Abstract:
A method is described to match an original binary image with the dynamic range of a desired target document. The original binary image is restored first to contone and a histogram of the contone image is processed to generate a Tone Reproduction Curve (TRC) for the contone image with improved dynamic range. The histogram processing includes determining a histogram of the contone image, and generating the TRC based on matching the determined histogram with a target histogram profile. This helps in matching outputs from legacy devices to a desired quality.

Description:
BACKGROUND 
   Many multi-functional network products produce a standard type of output, such as binary scanned output. It is desirable to extend these products to produce contone output from the network controller for interface with devices which do not operate on binary, requiring an input type that is different from the standard output type. It is also desirable to extend these products to produce contone output from the network controller for interface with devices that further process the output, using scanning software and or hardware, such as an optical character recognizer (OCR) or a forms processing device, which often require a different type of output, such as an 8-bit input. 
   SUMMARY 
   Various methods for converting binary output to contone output may be used. However, generally, the original binary data has been optimized for printing or to achieve high compression ratios in the case of scanned data. Thus, when the binary data is converted to contone data, the dynamic range of the image may not be optimal for image processing algorithms performing post-processing functions. 
   Tone reproduction curves (TRCs) may be applied to image data to optimize the data for output to a particular device. However, when data is binary, it is not possible to apply a TRC. Once data is converted to 8-bit contone, for example, this opens up the possibility to apply a TRC to optimize the image for input to third party device or devices for subsequent image processing, using, for example, image processing software. 
   A fixed TRC does not necessarily work well for all software applications. Accordingly, this disclosure provides systems and methods that may be used to dynamically determine a TRC for a particular image. 
   There are other techniques performed to match a binary data for a destination device that was originally targeted for a different device; for example, the algorithm described in U.S. Pat. No. 5,553,171 to Lin, et al. The drawback with such an approach is that it requires the actual destination printer spot model to produce the desired output and also requires to transform the input to an intermediate resolution that is four times bigger than the original, which is expensive. 
   In particular, systems and methods are provided for processing a histogram of a contone image to generate a TRC that results in a contone image with optimal dynamic range, such as upper and lower gray level limits tailored to a particular image. A dynamic range may be a range of grey levels that is used in an image. For example, when the entire image only has grey levels between 90 and 130, no pixels will appear totally white and no pixels will appear totally black. Such a dynamic range may be improved with a TRC. For example, the TRC may map 90 to 0 and 130 to 255 and may follow certain mathematical formula to appropriately map the points in between. The histogram processing may include determining a histogram of the contone image, and generating the TRC based on matching the determined histogram with a target histogram profile. 

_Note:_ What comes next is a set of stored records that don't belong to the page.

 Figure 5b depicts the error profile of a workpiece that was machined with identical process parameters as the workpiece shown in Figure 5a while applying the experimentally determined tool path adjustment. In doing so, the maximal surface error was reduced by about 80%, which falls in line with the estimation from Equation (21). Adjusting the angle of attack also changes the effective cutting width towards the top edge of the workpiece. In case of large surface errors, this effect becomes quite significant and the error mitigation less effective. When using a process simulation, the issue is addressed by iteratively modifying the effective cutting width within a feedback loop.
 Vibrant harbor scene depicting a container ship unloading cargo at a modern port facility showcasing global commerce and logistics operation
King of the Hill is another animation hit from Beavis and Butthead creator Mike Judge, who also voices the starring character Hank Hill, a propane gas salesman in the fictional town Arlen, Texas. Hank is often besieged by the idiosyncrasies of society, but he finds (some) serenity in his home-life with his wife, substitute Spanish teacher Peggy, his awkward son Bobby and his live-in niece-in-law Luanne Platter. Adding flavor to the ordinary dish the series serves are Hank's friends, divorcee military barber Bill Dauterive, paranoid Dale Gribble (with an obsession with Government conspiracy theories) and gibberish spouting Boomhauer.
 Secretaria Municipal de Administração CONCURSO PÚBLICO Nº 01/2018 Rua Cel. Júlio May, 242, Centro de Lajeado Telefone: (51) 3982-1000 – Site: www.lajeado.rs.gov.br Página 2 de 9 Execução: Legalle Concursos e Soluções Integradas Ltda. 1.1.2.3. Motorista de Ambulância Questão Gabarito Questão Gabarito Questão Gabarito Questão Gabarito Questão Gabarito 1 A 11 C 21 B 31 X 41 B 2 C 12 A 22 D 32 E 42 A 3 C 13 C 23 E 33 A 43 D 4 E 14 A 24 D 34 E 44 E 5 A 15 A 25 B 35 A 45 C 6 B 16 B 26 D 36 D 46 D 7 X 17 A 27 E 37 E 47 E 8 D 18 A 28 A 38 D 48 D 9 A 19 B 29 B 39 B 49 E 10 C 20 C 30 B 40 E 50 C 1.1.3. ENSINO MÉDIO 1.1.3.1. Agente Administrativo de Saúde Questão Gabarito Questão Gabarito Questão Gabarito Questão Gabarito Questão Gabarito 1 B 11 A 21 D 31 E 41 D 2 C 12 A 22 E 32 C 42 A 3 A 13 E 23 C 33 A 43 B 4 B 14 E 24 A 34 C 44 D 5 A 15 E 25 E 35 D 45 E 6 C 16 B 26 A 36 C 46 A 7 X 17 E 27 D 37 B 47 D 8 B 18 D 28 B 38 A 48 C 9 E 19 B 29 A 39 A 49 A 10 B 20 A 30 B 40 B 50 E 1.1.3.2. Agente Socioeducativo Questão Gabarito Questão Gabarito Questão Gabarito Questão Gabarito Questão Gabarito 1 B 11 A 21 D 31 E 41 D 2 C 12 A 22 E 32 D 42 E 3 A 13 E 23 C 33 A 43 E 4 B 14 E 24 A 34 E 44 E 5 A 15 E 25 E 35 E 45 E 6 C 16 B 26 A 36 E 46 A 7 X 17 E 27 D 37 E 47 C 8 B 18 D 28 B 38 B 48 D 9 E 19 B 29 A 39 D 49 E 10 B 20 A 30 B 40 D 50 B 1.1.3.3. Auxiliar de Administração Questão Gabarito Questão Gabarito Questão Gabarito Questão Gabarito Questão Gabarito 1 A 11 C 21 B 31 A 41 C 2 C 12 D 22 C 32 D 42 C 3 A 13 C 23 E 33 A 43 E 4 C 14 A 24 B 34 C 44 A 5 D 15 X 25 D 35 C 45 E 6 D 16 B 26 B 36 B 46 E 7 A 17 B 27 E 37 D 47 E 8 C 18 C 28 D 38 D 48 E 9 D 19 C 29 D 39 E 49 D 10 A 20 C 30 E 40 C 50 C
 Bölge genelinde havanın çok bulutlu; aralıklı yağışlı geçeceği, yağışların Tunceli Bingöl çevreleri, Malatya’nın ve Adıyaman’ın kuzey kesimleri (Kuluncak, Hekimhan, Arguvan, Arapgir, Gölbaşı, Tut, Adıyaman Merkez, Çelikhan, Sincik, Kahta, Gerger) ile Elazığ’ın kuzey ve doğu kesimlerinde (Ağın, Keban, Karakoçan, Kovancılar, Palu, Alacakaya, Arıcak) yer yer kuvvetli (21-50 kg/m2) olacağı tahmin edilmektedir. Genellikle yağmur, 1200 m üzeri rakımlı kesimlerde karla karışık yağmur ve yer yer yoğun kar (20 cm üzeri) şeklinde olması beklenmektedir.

   These and other features and details are described in, or are apparent from, the following detailed description. 

   
     BRIEF DESCRIPTION OF THE DRAWINGS 
     Various details of exemplary systems and methods are described, with reference to the following figures, wherein: 
       FIG. 1  is a flowchart outlining an exemplary method for generating a contone image with optimal dynamic range; 
       FIG. 2  illustrates a method for matching a histogram of a contone image with a target histogram profile; and 
       FIG. 3  is a block diagram illustrating an exemplary system for providing a contone image with optimal dynamic range. 
   

   DETAILED DESCRIPTION OF EMBODIMENTS 
   A method for providing a contone image may include the steps of providing binary scanned data, converting the binary data to contone data, and applying a fixed TRC to the contone data to generate an improved contone image. However, as discussed above, the fixed TRC does not necessarily work well for all third-party devices or devices for processing using subsequent software and/or applications. 

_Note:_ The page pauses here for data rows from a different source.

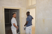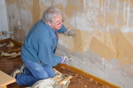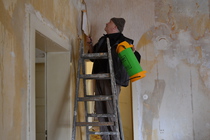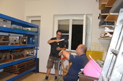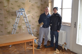 Nun wurde das Projekt Vereinshaus also tatkräftig angepackt. Die Musiker Hubert Krämer, Ralf Wagner, Peter Müller, Kevin Drescher, Dominic Walther, Fabian Wessbecher, Bernhard Wüst, Klaus Schwarz trafen sich am Samstag, um die Lage im zukünftigen Vereinshaus genau unter die Lupe zu nehmen und erste Arbeiten zu erledigen. Ein Anfang ist schon getan: Tapeten und Kabel wurden entfernt, genauso wie die Gardinenstangen und Heizungsrohre, Reinigungsarbeiten standen natürlich auch an und die Prüfung des Wasseranschlusses. Nicht zu vergessen auch das Unkrautjäten auf der Sonnenterasse! Als Beraten standen den fleißigen Helfern Bernhard Schof und Frank Mohr zur Seite.
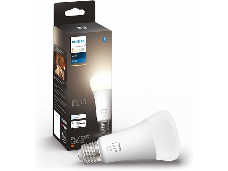 Denne Philips Hue White 100W E27 1-pakingen inneholder én LED-lyskilde med høy effekt. Disse lyskildene gir et lys med standardtemperatur på 2700 kelvin.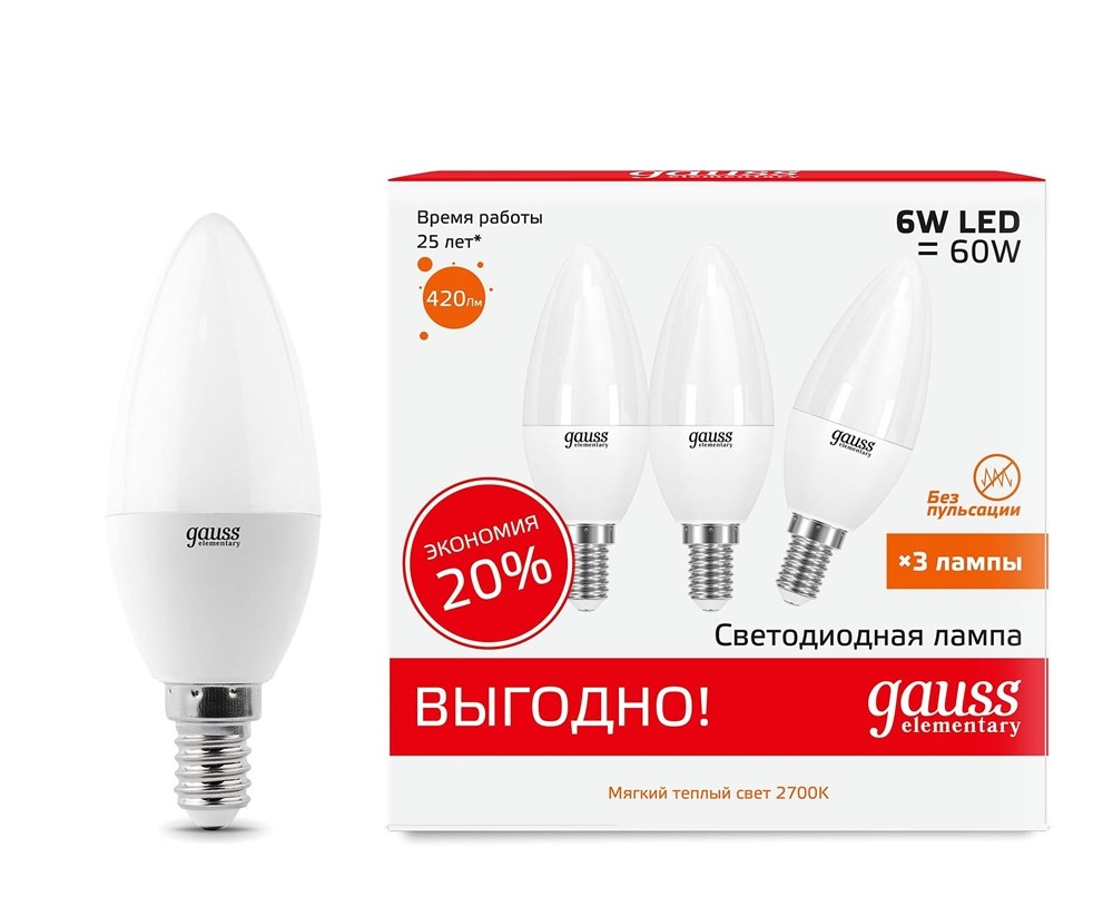 Лампа Gauss Elementary Свеча 7W 450lm 2700K E14 (3 лампы в упаковке) LED 1/40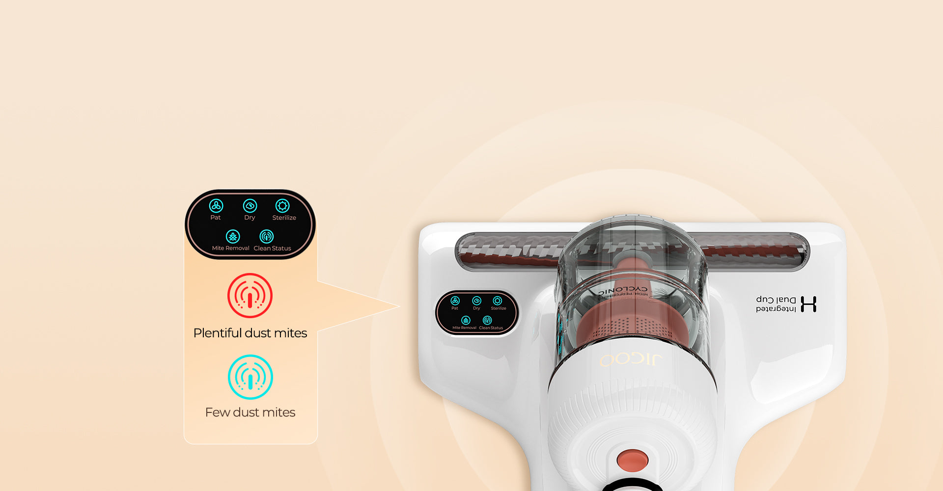 Der JIGOO J200 verfügt über ein integriertes Doppelbehältersystem: Ein Behälter dient der Filterung, der andere der Staubaufnahme. Der Zyklonfilterbehälter filtert effektiv Staubmilben und gibt gleichzeitig saubere Luft ab, wodurch höchste Filtereffizienz erreicht wird. Dieses einzigartige Design minimiert das Risiko von Filterverstopfungen und sorgt so für eine lange Saugdauer. Der geräumige Staubbehälter ist vom Filterbehälter getrennt und bietet ausreichend Aufnahmekapazität. So können Sie Staubmilben auf Bett, Sofa und Teppich gleichzeitig und ohne Unterbrechung bekämpfen.
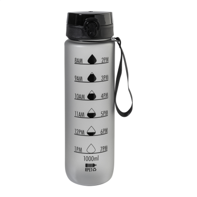 Frosted RPET Sports Bottle with Motivational Volume & Time Markings, Featuring an Auto-Open Flip-Top Drink Lid with Safety Lock & Carry Strap. 1000 Ml. Bpa-Free. Not Suitable for Carbonated Drink. Minimum Quantities Apply.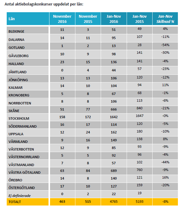 För konkursstatistik per den 1 december 2016, se bilaga som omfattar:
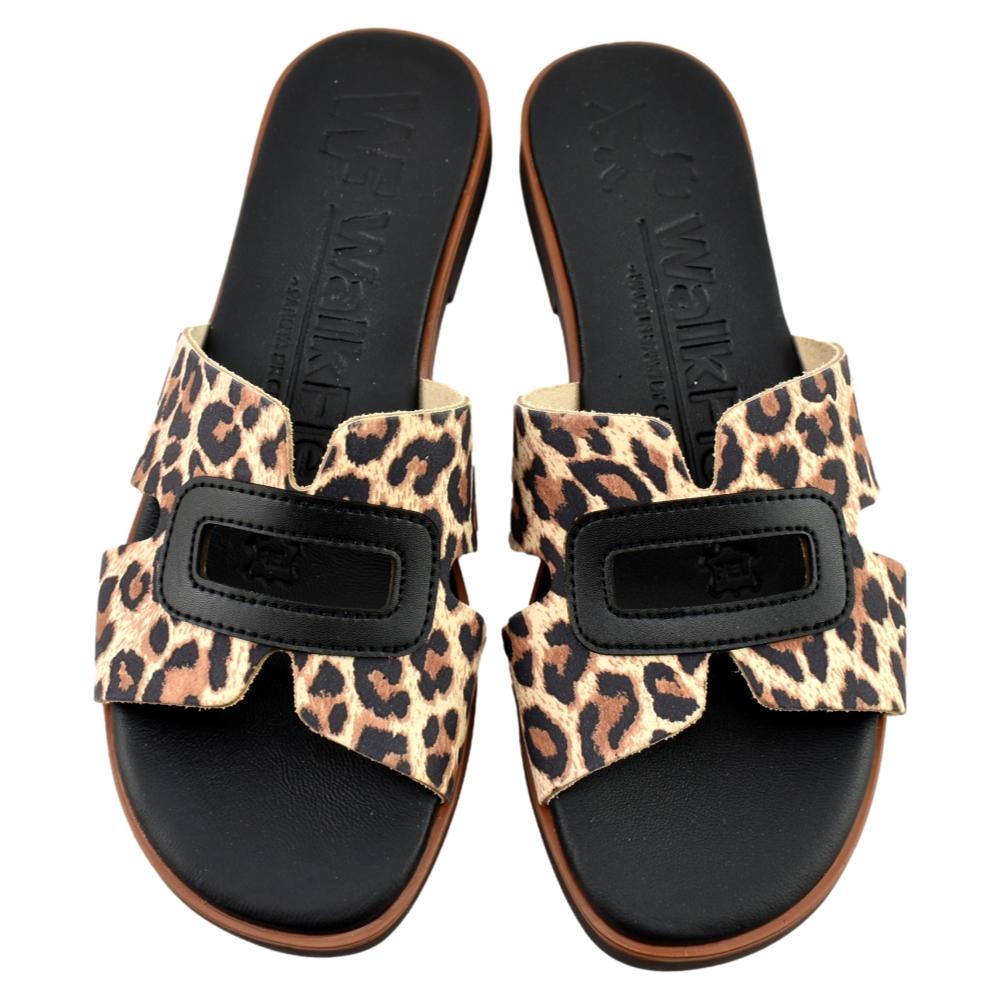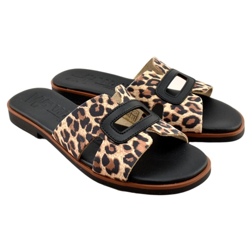 FABRICADO EN ESPAÑA. ¡Las chanclas negras más especiales de la temporada! Si te encanta el estampado animal, estas sandalias planas de leopardo se convertirán en tu calzado favorito este verano. Te enamorarás en cuanto te las pruebes. Igualmente cómodas y ligeras, estas chanclas de estampado de leopardo realzan cualquier look sin necesidad de tacones. Son la sandalia ideal para llevar de la mañana a la noche con total comodidad. Plantillas acolchadas para mayor confort y suela antideslizante. El estampado de leopardo resalta sobre el cuero negro, creando un estilo versátil que combinará con todos tus conjuntos. Descubre la comodidad de estas sandalias planas para mujer, hechas a mano en España con suave cuero natural, para que sientas una caricia cada vez que las uses.

   To improve the quality of the contone image by providing contone images with optimal dynamic ranges, systems and methods are provided to generate a TRC based on histogram processing. The histogram processing may take the form of different algorithms, including histogram matching with a target histogram (histogram specification), histogram equalization, or dynamic range enhancement. 
     FIG. 1  is a flowchart outlining an exemplary method for providing contone images with optimal dynamic ranges. As shown in  FIG. 1 , process of the method starts at step S 100  and continues to step S 110 , where binary scanned data is provided. Next, in step S 120 , the binary data is converted to contone data. The conversion of the binary data to contone data may be performed with, for example, the algorithm described in copending application Ser. No. 11/126,970 filed May 11, 2005 by Peter D. McCandlish, which is herein incorporated by reference in its entirety. Process of the method then continues to step S 130 . 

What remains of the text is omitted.